* Raw data *
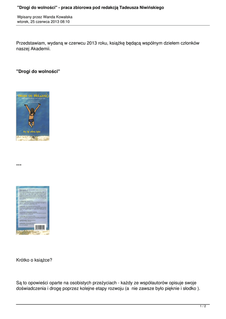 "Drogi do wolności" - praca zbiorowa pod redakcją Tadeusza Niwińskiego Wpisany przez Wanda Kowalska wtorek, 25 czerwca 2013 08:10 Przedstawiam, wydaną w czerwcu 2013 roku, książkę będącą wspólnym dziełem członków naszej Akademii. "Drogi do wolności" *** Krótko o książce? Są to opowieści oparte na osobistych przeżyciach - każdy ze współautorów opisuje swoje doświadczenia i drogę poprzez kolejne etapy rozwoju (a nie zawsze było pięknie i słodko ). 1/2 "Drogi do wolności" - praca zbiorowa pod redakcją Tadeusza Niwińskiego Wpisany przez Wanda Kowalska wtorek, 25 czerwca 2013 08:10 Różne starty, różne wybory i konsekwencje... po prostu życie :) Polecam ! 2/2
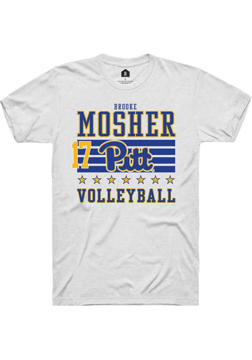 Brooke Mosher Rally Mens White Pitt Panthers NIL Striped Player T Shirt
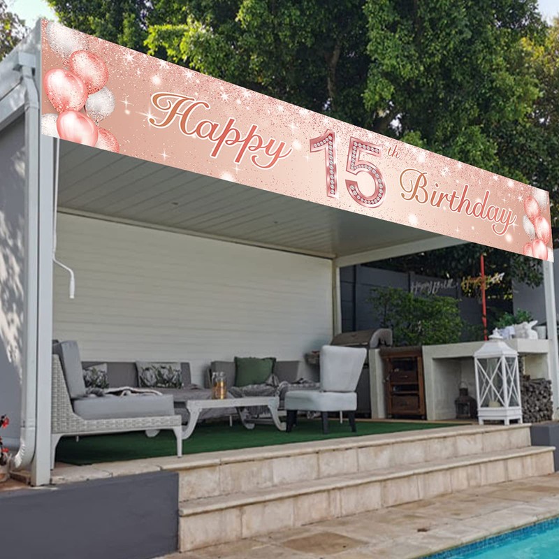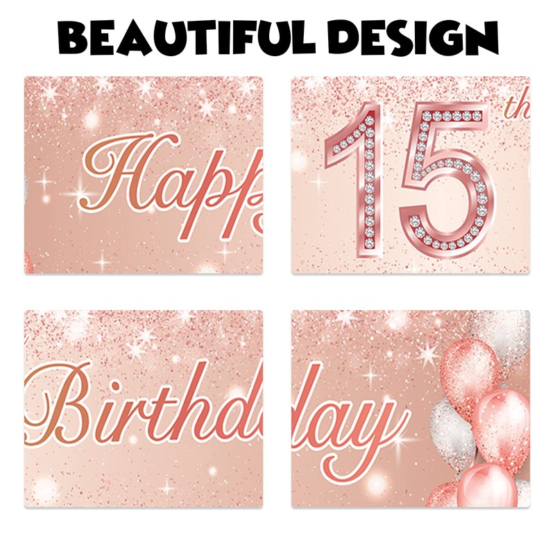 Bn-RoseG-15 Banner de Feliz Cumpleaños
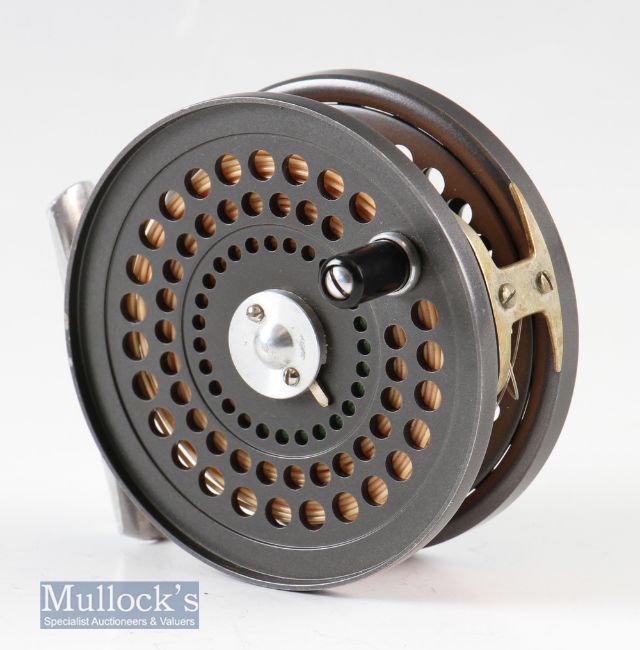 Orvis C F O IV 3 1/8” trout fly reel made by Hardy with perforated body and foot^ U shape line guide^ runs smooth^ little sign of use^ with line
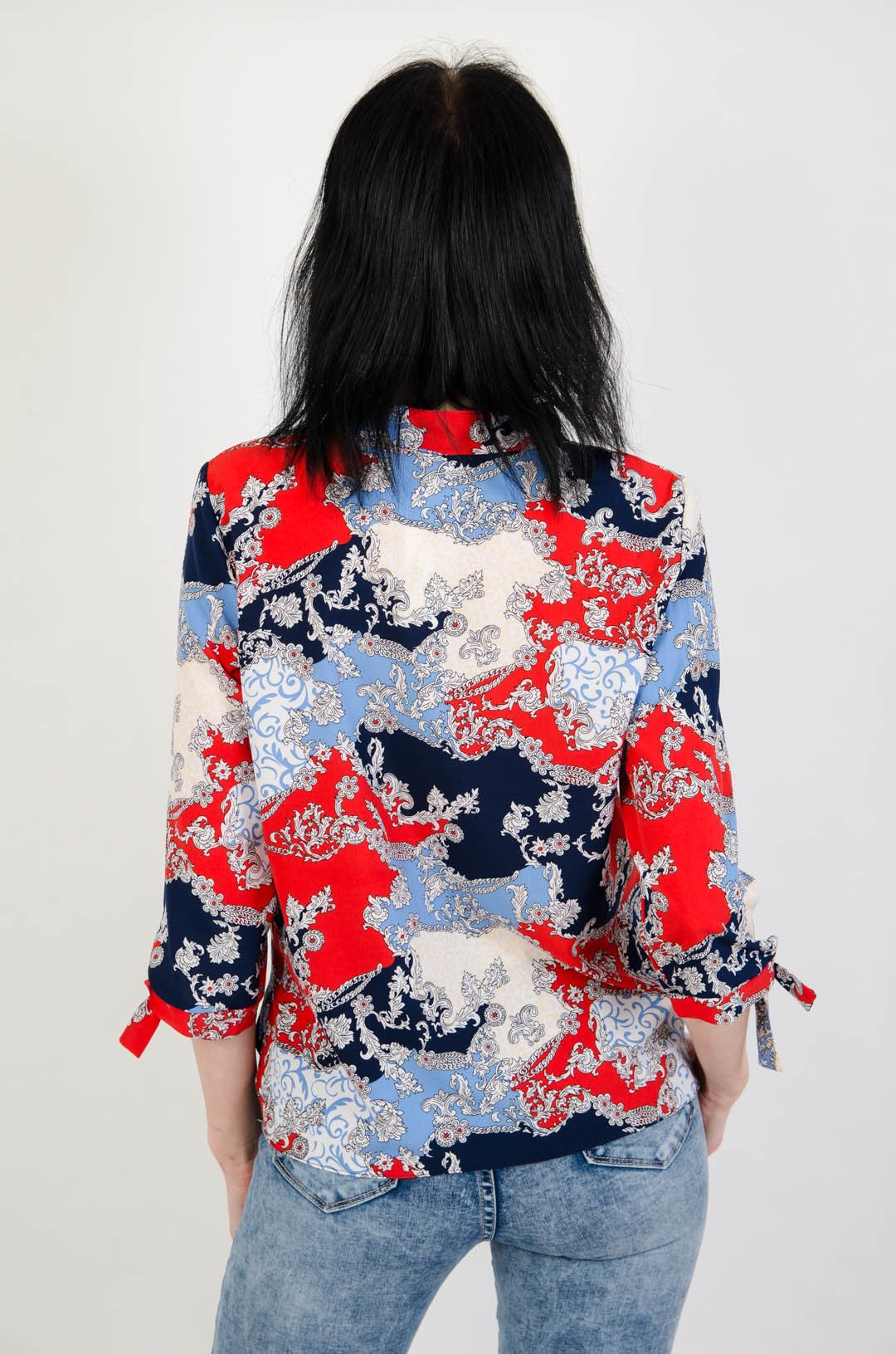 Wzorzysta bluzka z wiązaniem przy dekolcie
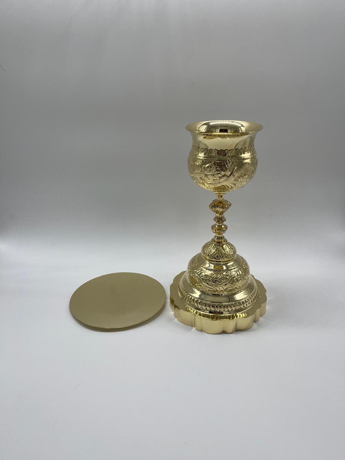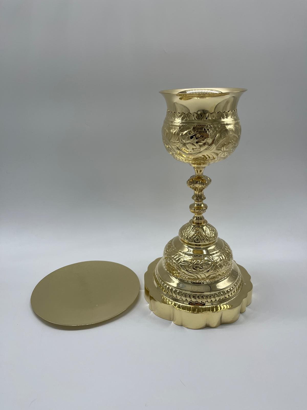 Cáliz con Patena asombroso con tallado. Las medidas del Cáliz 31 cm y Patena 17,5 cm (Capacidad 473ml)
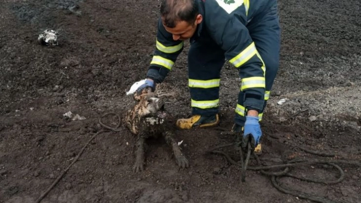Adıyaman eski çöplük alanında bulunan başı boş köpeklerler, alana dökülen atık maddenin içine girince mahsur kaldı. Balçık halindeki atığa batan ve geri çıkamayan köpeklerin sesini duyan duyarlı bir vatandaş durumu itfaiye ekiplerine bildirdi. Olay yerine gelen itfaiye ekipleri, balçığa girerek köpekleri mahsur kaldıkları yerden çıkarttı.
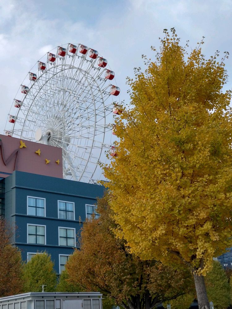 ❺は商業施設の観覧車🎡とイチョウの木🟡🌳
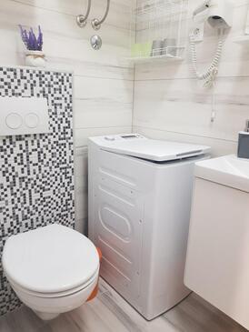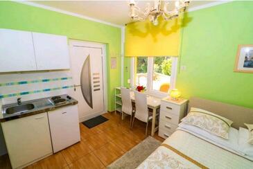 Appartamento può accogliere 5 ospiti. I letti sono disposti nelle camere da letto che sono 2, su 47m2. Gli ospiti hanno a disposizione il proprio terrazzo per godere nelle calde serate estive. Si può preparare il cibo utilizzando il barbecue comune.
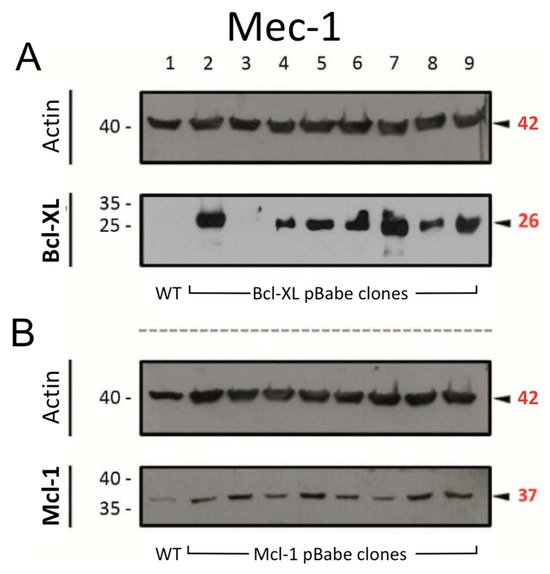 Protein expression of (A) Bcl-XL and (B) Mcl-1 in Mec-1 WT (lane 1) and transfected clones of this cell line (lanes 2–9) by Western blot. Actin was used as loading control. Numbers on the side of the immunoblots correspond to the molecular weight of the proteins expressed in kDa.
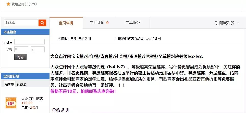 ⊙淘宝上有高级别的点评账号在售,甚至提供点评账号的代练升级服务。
==
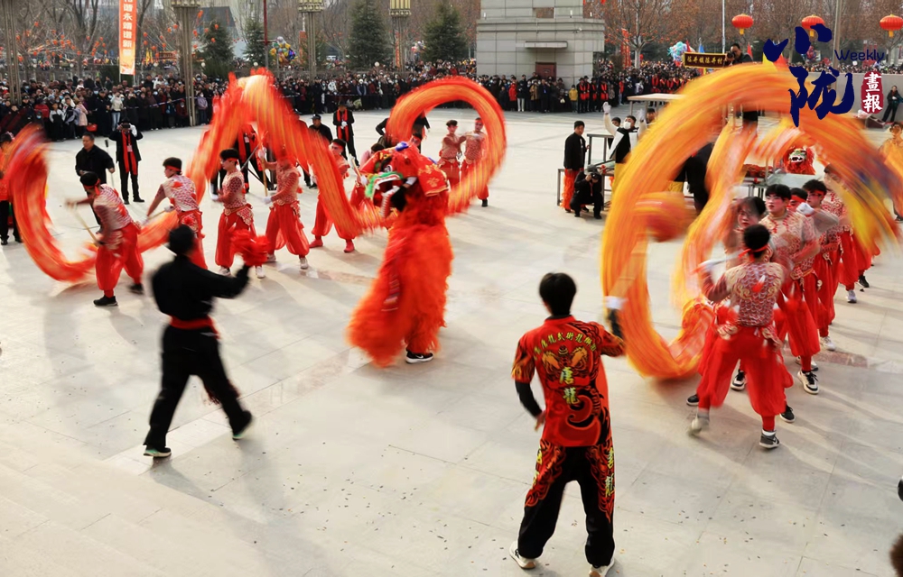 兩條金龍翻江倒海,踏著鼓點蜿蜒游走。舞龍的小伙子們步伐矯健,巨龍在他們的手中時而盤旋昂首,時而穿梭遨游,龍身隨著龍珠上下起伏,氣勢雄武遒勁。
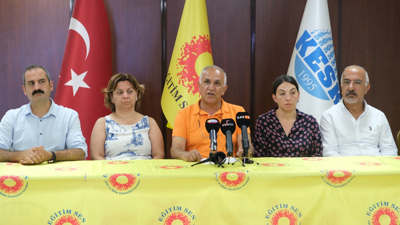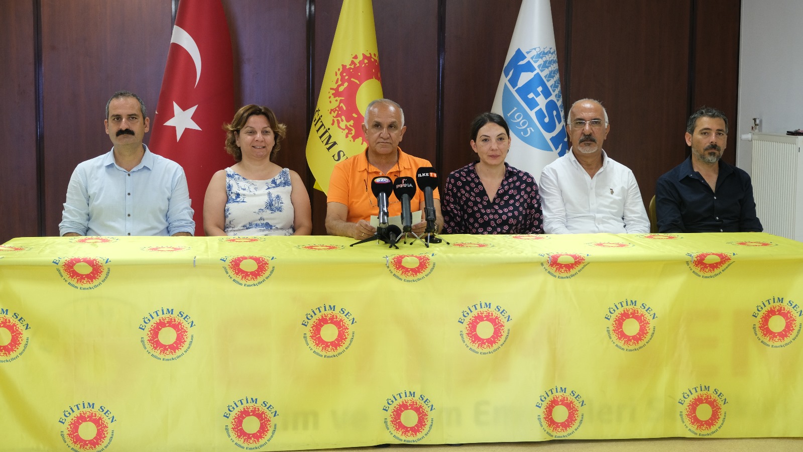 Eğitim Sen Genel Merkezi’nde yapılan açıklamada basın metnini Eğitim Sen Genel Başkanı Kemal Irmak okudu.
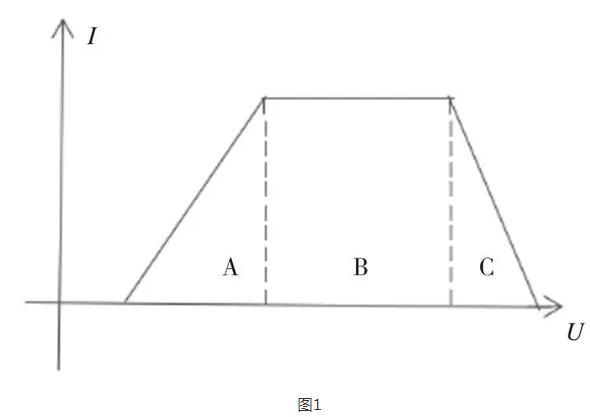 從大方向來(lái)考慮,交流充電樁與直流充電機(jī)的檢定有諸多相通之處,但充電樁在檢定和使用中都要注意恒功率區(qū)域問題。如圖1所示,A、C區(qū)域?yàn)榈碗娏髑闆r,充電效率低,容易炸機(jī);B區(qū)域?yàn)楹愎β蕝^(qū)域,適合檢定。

* What this task involves *
From the records above, return exactly the lines running from the one that contains "Polecam ! 2/2" down to the one that contains "Bn-RoseG-15 Banner de Feliz Cumpleaños", both included, without any pictures.

* Written response *
 "Drogi do wolności" - praca zbiorowa pod redakcją Tadeusza Niwińskiego Wpisany przez Wanda Kowalska wtorek, 25 czerwca 2013 08:10 Przedstawiam, wydaną w czerwcu 2013 roku, książkę będącą wspólnym dziełem członków naszej Akademii. "Drogi do wolności" *** Krótko o książce? Są to opowieści oparte na osobistych przeżyciach - każdy ze współautorów opisuje swoje doświadczenia i drogę poprzez kolejne etapy rozwoju (a nie zawsze było pięknie i słodko ). 1/2 "Drogi do wolności" - praca zbiorowa pod redakcją Tadeusza Niwińskiego Wpisany przez Wanda Kowalska wtorek, 25 czerwca 2013 08:10 Różne starty, różne wybory i konsekwencje... po prostu życie :) Polecam ! 2/2
 Brooke Mosher Rally Mens White Pitt Panthers NIL Striped Player T Shirt
 Bn-RoseG-15 Banner de Feliz Cumpleaños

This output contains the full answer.